The result aren’t pretty. Many workers lack basic knowledge about food safety, don’t wash their hands enough, and serve undercooked meat. Employees commonly show up to work when they’re vomiting, because they fear losing pay and leaving the restaurant understaffed. As we reported in June, a number of states have introduced bills that prevent localities from passing laws that require paid sick leave—and they’re backed by big restaurant chains, including McDonald’s, Pizza Hut, and Olive Garden. (Is it any wonder that struggling restaurant workers are going on strike?) Restaurant employees working sick is “an important cause of foodborne illness outbreaks,” say the researchers.  

So, without further ado, here are eight of the most terrifying statistics from the new reports: 

1. Nearly two-thirds of restaurant workers who handle raw beef aren’t washing their hands afterward: The researchers looked at 247 restaurants that use raw ground beef.
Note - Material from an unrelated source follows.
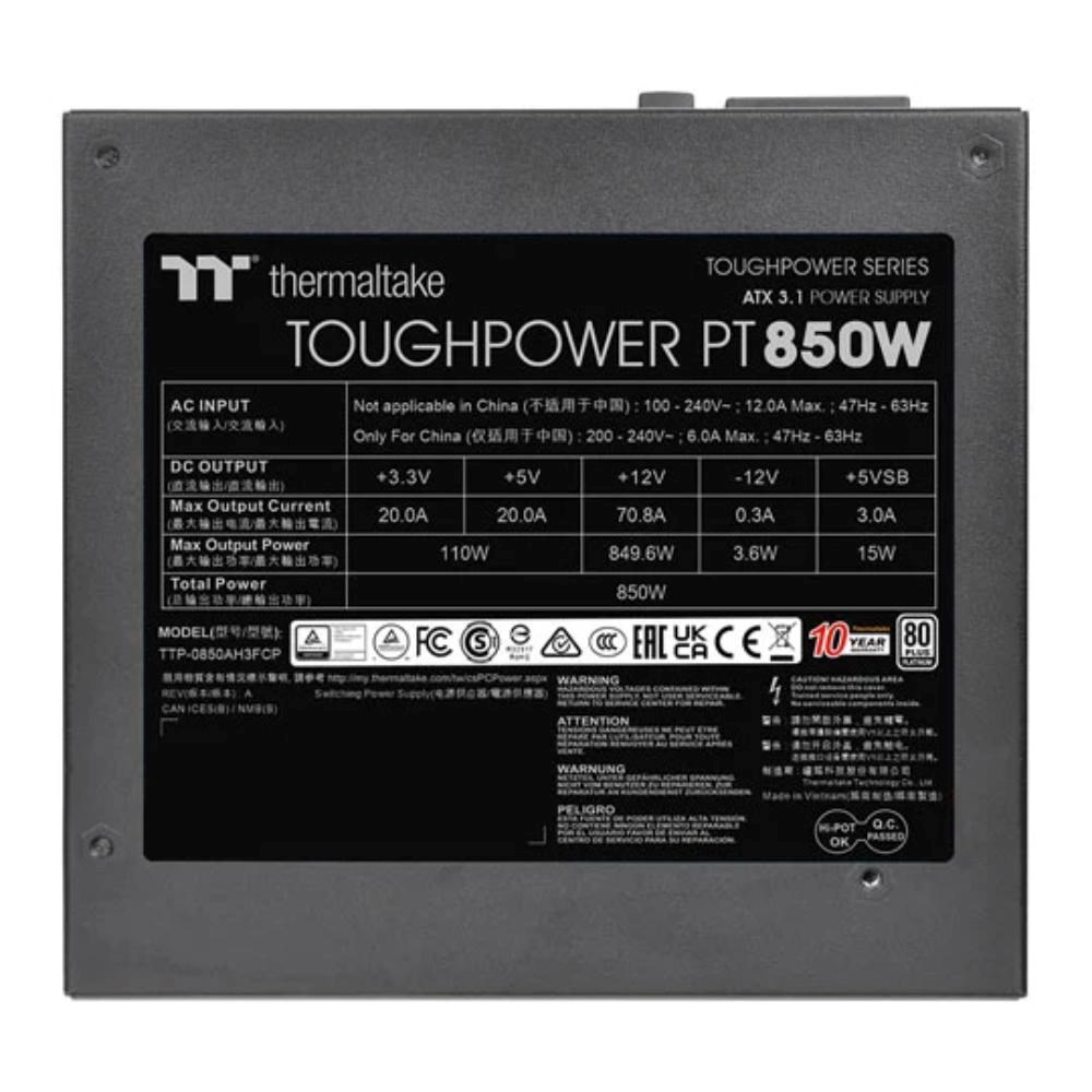 Toughpower PT 850W Platinum je kompatibilný s ATX 3.1, má certifikáciu 80 PLUS Platinum a podporuje nativné PCIe Gen 5.1 (12+4pin) pre napájanie novej generácie grafických kariet. Poskytuje 850 W nepretržitého výkonu pri 40 °C.

Employees touched the beef in 192 restaurants, and in 119 of those restaurants, employees who touched the raw beef with their bare hands didn’t wash them before touching other cooked food. That means that the pathogens from the raw beef—particularly E. coli, which causes more than 61,000 illnesses and 20 deaths a yearcould spread from the beef to the cooked food leaving the kitchen. 

2. About 40 percent of restaurants don’t usually use separate cutting boards for raw chicken: That’s according to the 448 kitchen managers the CDC interviewed in both independent and chain restaurants. About 25 percent of managers also said they don’t often use disposable gloves when handling chicken. 

3. Most managers don’t know the safe cooking temperature for chicken: In that same group of 448 kitchen managers, only 194 knew the  FDA-recommended cooking temperature for raw chicken (165 degrees Fahrenheit). About a quarter of the managers underestimated the correct temperature, and 33 admitted they had no clue. (Incredibly, one manager actually guessed 90 degrees—lower than a normal human body temperature. We hope he or she was thinking in Celsius.)

4. Almost half of chefs don’t use a thermometer to make sure a burger is cooked: Out of 385 restaurants, the managers in 190 of them said that they “never” used thermometers to check when a burger was done, instead determining doneness by color or feel. 

5 …and as a result, a bunch of burgers are coming out raw: CDC inspectors found that 12 percent of the 234 hamburgers they tested were undercooked (less than 155 degrees Fahrenheit). When customers ordered a burger medium-rare, that number rose significantly: 40 percent of those burgers were undercooked.

6. 40 percent of sick food workers didn’t go home because they have no sick leave: Of 491 food workers, more than half said they had worked a shift while ill. One hundred twenty-seven of those workers indicated that they did so because they had no paid sick leave or sick leave policy. According to the CDC, a lot of these workers also didn’t want to leave their coworkers short-staffed: “Social and personal concerns appear more likely to guide workers’ decisions” than pay, the researchers wrote. 

7. Seriously. The cook is vomiting: In that same group of workers, 20 percent said they were vomiting or had diarrhea on at least one shift in 2012, and 12 percent indicated that they had those symptoms for at least two shifts. 

8. Vegetarians aren’t off the hook: Out of 37 “leafy green” shipments—like lettuce or spinach—almost half were not delivered at the recommended temperature of 41 degrees Fahrenheit. According to the CDC, keeping greens stored above that temperature promotes the growth of germs. Fortunately, two out of three managers at 411 restaurants said they had rejected a greens shipment because the produce was rotten or too warm.